2. Materials and Methods

The T monomer was obtained following the previously described method [13]. CMEs based on T were synthesized according to the recently published procedure [8]. The experiments concerning their electrochemical behaviour were performed in acetonitrile (CH3CN), containing 0.1 M tetrabutylammonium perchlorate (TBAP), used as solvent and supporting electrolyte, both from Fluka (Munich, Germany).

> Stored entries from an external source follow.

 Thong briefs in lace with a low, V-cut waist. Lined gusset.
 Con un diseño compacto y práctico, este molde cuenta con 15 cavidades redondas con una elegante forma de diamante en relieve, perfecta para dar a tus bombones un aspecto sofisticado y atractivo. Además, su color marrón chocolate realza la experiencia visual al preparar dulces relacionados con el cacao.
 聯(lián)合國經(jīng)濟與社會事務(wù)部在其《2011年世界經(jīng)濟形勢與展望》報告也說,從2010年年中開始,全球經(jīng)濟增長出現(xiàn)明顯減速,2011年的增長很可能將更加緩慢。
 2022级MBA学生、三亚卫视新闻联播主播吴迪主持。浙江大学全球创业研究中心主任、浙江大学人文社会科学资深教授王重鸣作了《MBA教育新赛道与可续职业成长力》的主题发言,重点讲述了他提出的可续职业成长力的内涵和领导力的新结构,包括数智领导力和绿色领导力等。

Autolab potentiotstat/galvanostat 302 N (Ecochemie, The Netherlands) was connected to a three-electrode cell. The working electrode (WE) was a glassy carbon disk (with 3 mm diameter) (Metrohm, Herisau, Switzerland), used bare or modified with T. As an auxiliary electrode (AE), a glassy carbon rod (Metrohm) was used, and Ag/10 mM AgNO₃, 0.1 M TBAP, CH₃CN or Ag/AgCl/KCl (3 M) served as a reference electrode (RE), in electrochemical experiments performed in acetonitrile or water solutions, respectively. The potentials were finally calibrated to the potential of the ferrocene/ferrocenium redox couple (Fc/Fc⁺) in experiments performed in acetonitrile solutions.

Cyclic voltammetry (CV) curves were recorded at a scan rate of 0.1 V/s, and differential pulse voltammetry (DPV) curves at 0.01 V/s, with a pulse height of 0.025 V and a step time of 0.2 s. The glassy carbon working electrode was polished with diamond paste (2 µm) on felt prior to each determination, rinsed with solvent afterwards, and dried with fine paper.

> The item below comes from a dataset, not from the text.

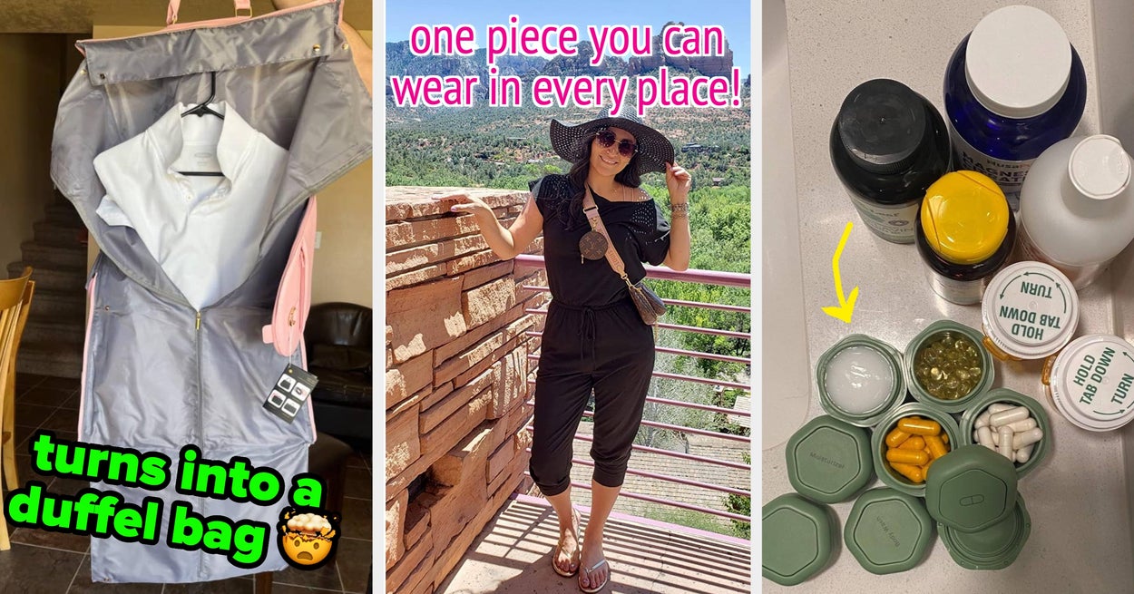 We hope you love our recommendations! While every product is independently chosen by our editors, BuzzFeed and our publishing partners may collect a share of sales or other compensation from the links on this page. You can read more about how our affiliate partnerships work in our Editorial Standards & Ethics Guide. Including a wrap top you can wear at least five different ways! Talk about making the most of what's in your carry-on. Just pack in your clothes, roll up the bag, and watch as the excess air is squeezed out. BuzzFeed Shopping writer Emma Lord says, "HELLO, I AM OBSESSED WITH THESE. Despite all the rave reviews, I was definitely skeptical of space-saving bags that didn't require a vacuum, and even as they were actively squishing my clothes into oblivion, I still couldn't quite believe it. I had easily two suitcases worth of clothes I wanted to pack for a three-week trip to London, and I managed to neatly pack the entirety of my wardrobe in one roller carry-on bag. Truly, all I had to do was put my clothes in the bag, push them to the bottom, and then sit on it to get the air out before sealing it up. I had tons of extra bags and made a habit of taking them with me in case other people joining me on trips need them to be able to pack souvenirs on the way home. I'm never taking a long trip without these again — these are worth every damn penny." Promising review: "I travel monthly for work, usually gone for 4–5 days. Before these, I would have to check a bag. Dress shirts and pants roll up nicely and stay wrinkle free. It's tempting to want to over-stuff these, but if you're packing golf shirts or clothes with 'slippery' fabric, they slide out of the top of the bag as you get close to the end. The clips take a minute to get used to, but after a couple of times zipping up the bags, it's pretty easy." —BigSkinny Get a set of eight from Amazon for $11.28. Promising review: "These packing cubes are the best. I use them for long weekends or two-week trips. They help me pack things as I would use them and locate what I need inside my suitcase, especially on trips where we change hotels every couple of days and don't unpack into the hotel closet." —Pat Get a set of eight packing cubes (including a laundry bag) from Amazon for $16.99+ (available in 18 colors and a set of six). BuzzFeed Shopping editor Elizabeth Lilly says: "I snagged this backpack after hearing my colleague Chelsea Stuart sing its praises. I wanted a bag for some upcoming travel (2.5 weeks in Europe with *just* carry-on for five flights) that opens up like a suitcase for easier packing. Since buying, I've taken it on two long weekend trips with no complaints. In fact, for both of those trips I packed MORE than I needed. Inside, you'll find a mesh zippered pocket and a plastic pocket perfect for your toiletries. I can fit enough wet toilet toiletries in the second pocket as I'd be allowed to carry-on for a plane. In the mesh pocket I put other necessities like cotton swabs, medicine, eye glasses, etc. The main compartment is deceptively deep so you can easily roll clothes and Lego-fit them in together without using packing cubes. In fact, I fit all of the stuff in the second picture in that section (a romper, PJs, a bikini, sunscreen, five pairs of undies, a pair of jean shorts, nap dress, three pairs of socks, two pairs of sandals, two T-shirts, a slip skirt, sleep mask, curling iron, mini flat iron, makeup bag, and tote bag). AND it has stretchy X-straps to keep it all secure like you'd see in a roller suitcase so when I unzip it, everything stays put. But before I forget, there's a separate cushioned laptop pocket close to the backpack straps that I found works well for books or a Kindle if your travel leaves you laptop-less. I love that this backpack has DEEP side pockets so your umbrella or water bottle won't fall out. In fact, I stuck a flashlight and an umbrella in one side pocket. (You could always use a flashlight.) Plus! It has a generously sized pocket on the front of the backpack with easy access for sunglasses, snacks, writing pens...all sorts of those little extras you need to access quickly. To top it all off, the backpack straps and top handle are STURDY. I felt totally secure toting it around and slinging it into overhead storage compartments on the trains. I love the look and construction of it with faux leather and sturdy black canvas, and the trolley passthrough to easily fit on my roller suitcase I'm about to drag through a bunch of airports. This isn't the cheapest backpack option but if you're a frequent traveler, you'll get so much mileage on it and seriously save on some baggage fees, making it well worth the cost. This backpack and I are going places, for sure." Get it from Beis Travel for $118 (available in four colors). Beauty Goodies is a small business that specializes in chic storage and travel accessories. Promising review: "This garment bag is an exceptional value for the money. Well built, top quality materials, including 'beefy' zippers, should hold up well for airline travel. Minimal wrinkles if any in garments, and a cavernous bag for storing shoes and other items for a trip. Added bonus, it fits easily in the plane overhead storage, similar in size to a standard roller bag. I highly recommend this product." —Kindle Customer Get it from Amazon for $42.99+ (available in three colors). Psst — if you don't fill up all the compartments with pills, it's also great for stashing your earrings during travel! (Shoutout to this TikToker for the hack.) Promising review: "My husband and I travel a lot and take a number of prescription drugs. It was always a hassle accessing our medication when needed, so I purchased this organizer to make things easier. I used a label maker and labeled each little compartment and it has performed wonderfully. I highly recommend this organizer to anyone who travels and needs medications throughout the day." —Jacqueline Get it from Amazon for $5.99+ (

EIS studies were performed on Autolab potentiotstat/galvanostat 302 N within 100 kHz–100 mHz. All experiments were performed in an in-line arrangement for RE, WE, CE. The curves were recorded with a 10 mV AC voltage and the spectra were processed using Z View 2.4 software from Scribner Association Inc. Derek Johnson.

All experiments were performed at room temperature (25 °C). Modified electrodes have been obtained either through scanning or using controlled potential electrolysis (CPE) at 1.5 V vs. RE using an electrical charge of 1.5 mC in solutions of the ligand T (1 mM) in 0.1 M TBAP, CH₃CN.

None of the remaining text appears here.